▸ **EXERCISE GOAL**: Starting at the line containing "LeParmentier Agave Suede" and ending at the line containing "Новый сет содержит", transcribe the listing below exactly. Keep both end lines, skip the pictures, and copy nothing else.
◇ ◇ ◇ ◇
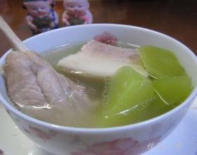 把五花肉和棒骨放砂锅中煮,大火煮开后,撇去浮沫,加料酒、姜,转小火
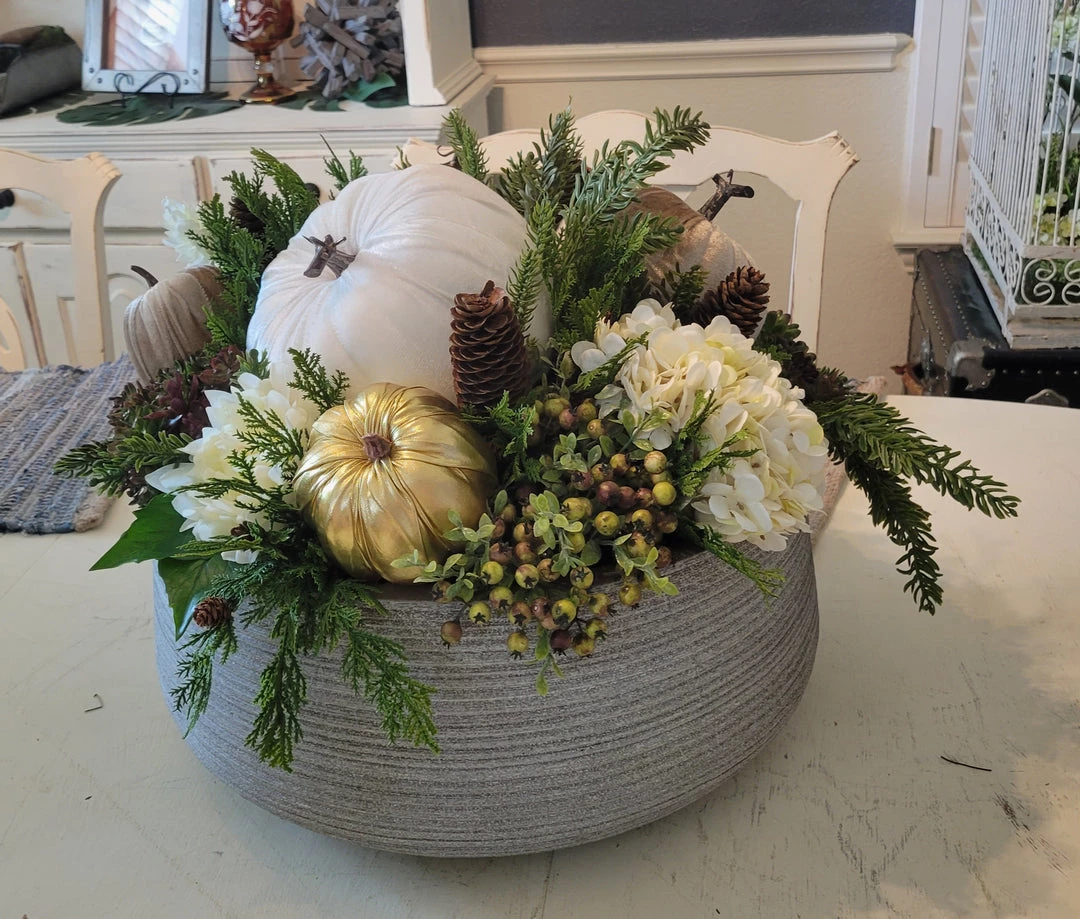 This “Showstopper” fall arrangement is designed with velvet and gold pumpkins and assorted cream flowers.Â
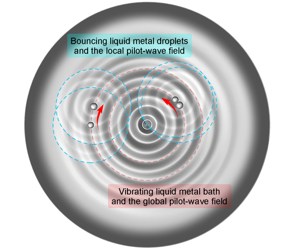 “在之前报导过的硅油体系中,液滴的运动是由液滴自身产生的单一导航波场来导航的。而在我们的体系中,液滴的弹跳和液池边界的振动会分别产生一个局部导航波和一个全局导航波,这是由于液态金属的特殊流体性质决定的。”这项研究的第一作者汤剑波博士解释道,“正因如此,我们能够实现更丰富更复杂的液滴导航模式”。
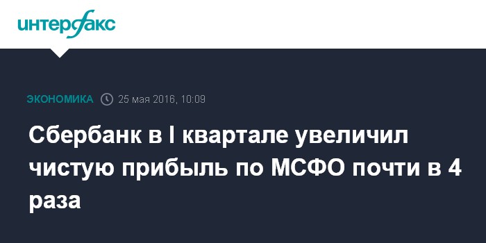 Москва. 25 мая. INTERFAX.RU - Сбербанк России в первом квартале 2016 года увеличил чистую прибыль по МСФО почти в 3,85 раза (на 284,6%) - до 117,7 млрд рублей, говорится в пресс-релизе банка.
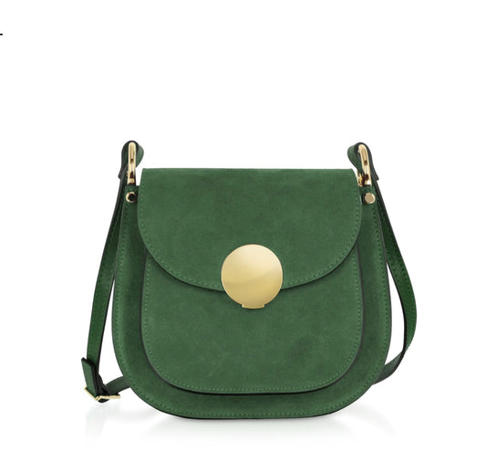 LeParmentier Agave Suede and Smooth Leather Shoulder Bag - Green Camel
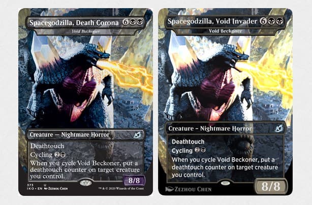 Новый сет содержит ряд карт с японскими монстрами-кайдзю, в том числе и всемирно известного Годзиллу. В целом, таких зверей 16 и одна из карт получила название – « Spacegodzilla, Death Corona» (в русском варианте Космогодзилла, Молния Смерти), связанное с атакой-дыханием «the Corona Beam».
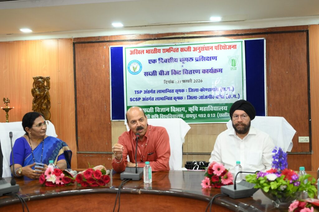 रायपुर– कृषि महाविद्यालय, इंदिरा गांधी कृषि विश्वविद्यालय, रायपुर के सब्जी विज्ञान विभाग में अखिल भारतीय समन्वित सब्जी अनुसंधान परियोजना के अनुसूचित जनजाति उप योजना (कोंडागांव) एवं अनुसूचित जाति उप योजना (जांजगीर चांपा) के अंतर्गत लाभान्वित कृषकों के लिए एक दिवसीय प्रशिक्षण एवं सब्जी बीज वितरण कार्यक्रम का सफल आयोजन किया गया। कार्यक्रम का शुभारंभ मां सरस्वती के समक्ष दीप प्रज्वलन कर किया गया। तत्पश्चात कार्यक्रम के मुख्य अतिथि, कुलपति, इंदिरा गांधी कृषि विश्वविद्यालय, डॉ. गिरीश चंदेल, निदेशक विस्तार सेवाएं, डॉ. एस.एस. टुटेजा, अधिष्ठाता, कृषि महाविद्यालय, रायपुर, डॉ. आरती गुहे का पुष्पगुच्छ भेंट कर स्वागत किया गया।
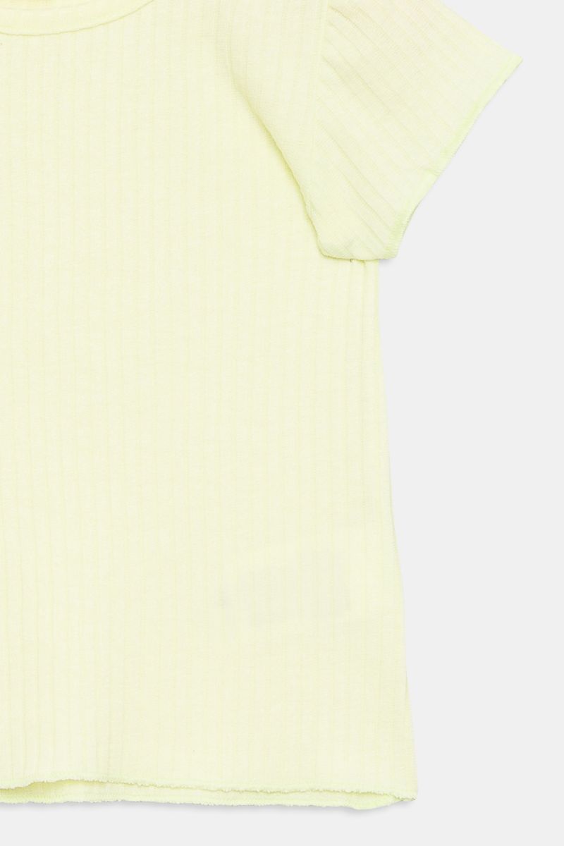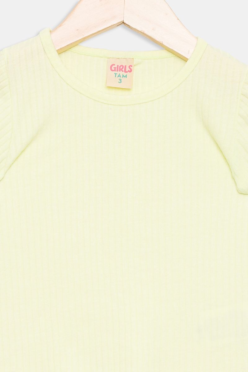 Blusa infantil amarela neon em ribana, cheia de energia e conforto, ideal para os dias mais quentes.
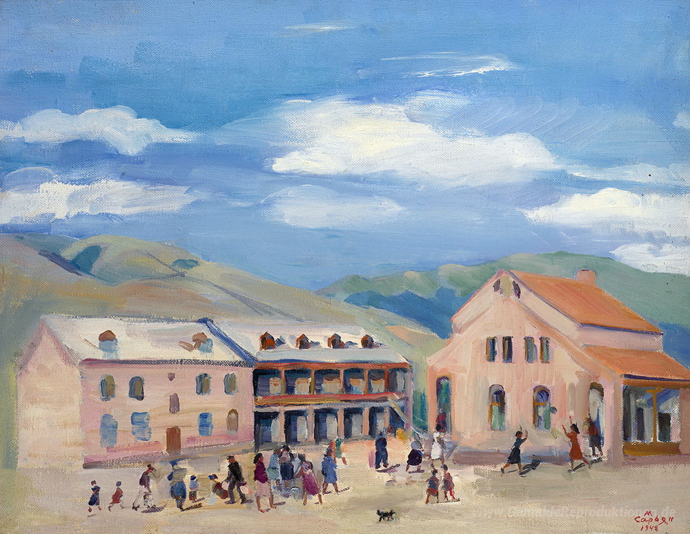 Wir bieten Ihnen eine handgefertigte Reproduktion auf Leinwand des berühmten Kunstwerks 'Kirovakan Dorf' von Martiros Saryan, aus dem Reproduktionsmuseum.
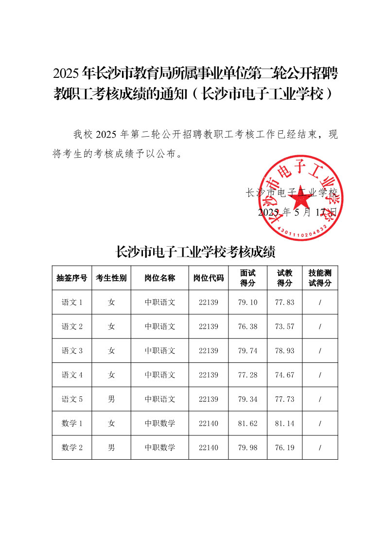 2025年长沙市教育局所属事业单位第二轮公开招聘教职工考核成绩的通知
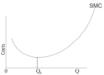 This is an example of a typical marginal cost curve (pulled from Wikipedia). You tend to see initially decreasing costs from economies of scale or higher efficiencies, and then increasing costs as you become constrained by fixed factors of production and otherwise diminishing rates of return. Our optimization point is when marginal cost is exactly equal to marginal revenue (MR = MC). Obviously, in many cases it is difficult to exactly hit that point, but in the real world, our goal is to get as close as possible to it.
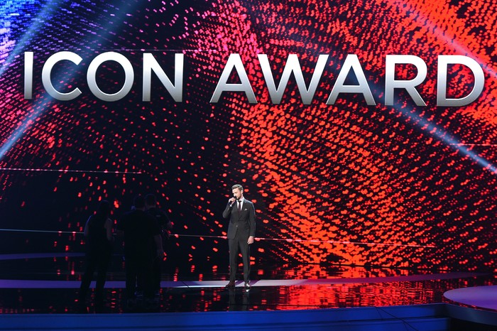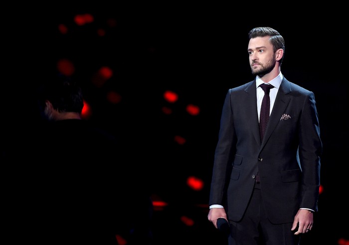 Pelantun 'Can't Stop The Feeling' itu hadir untuk mempersembahkan penghargaan bagi atlet yang telah pensiun, yaitu Kobe Bryant. Kevin Winter/Getty Images/detikFoto.
◇ ◇ ◇ ◇
▸ **ANSWER SECTION**:
 LeParmentier Agave Suede and Smooth Leather Shoulder Bag - Green Camel
 Новый сет содержит ряд карт с японскими монстрами-кайдзю, в том числе и всемирно известного Годзиллу. В целом, таких зверей 16 и одна из карт получила название – « Spacegodzilla, Death Corona» (в русском варианте Космогодзилла, Молния Смерти), связанное с атакой-дыханием «the Corona Beam».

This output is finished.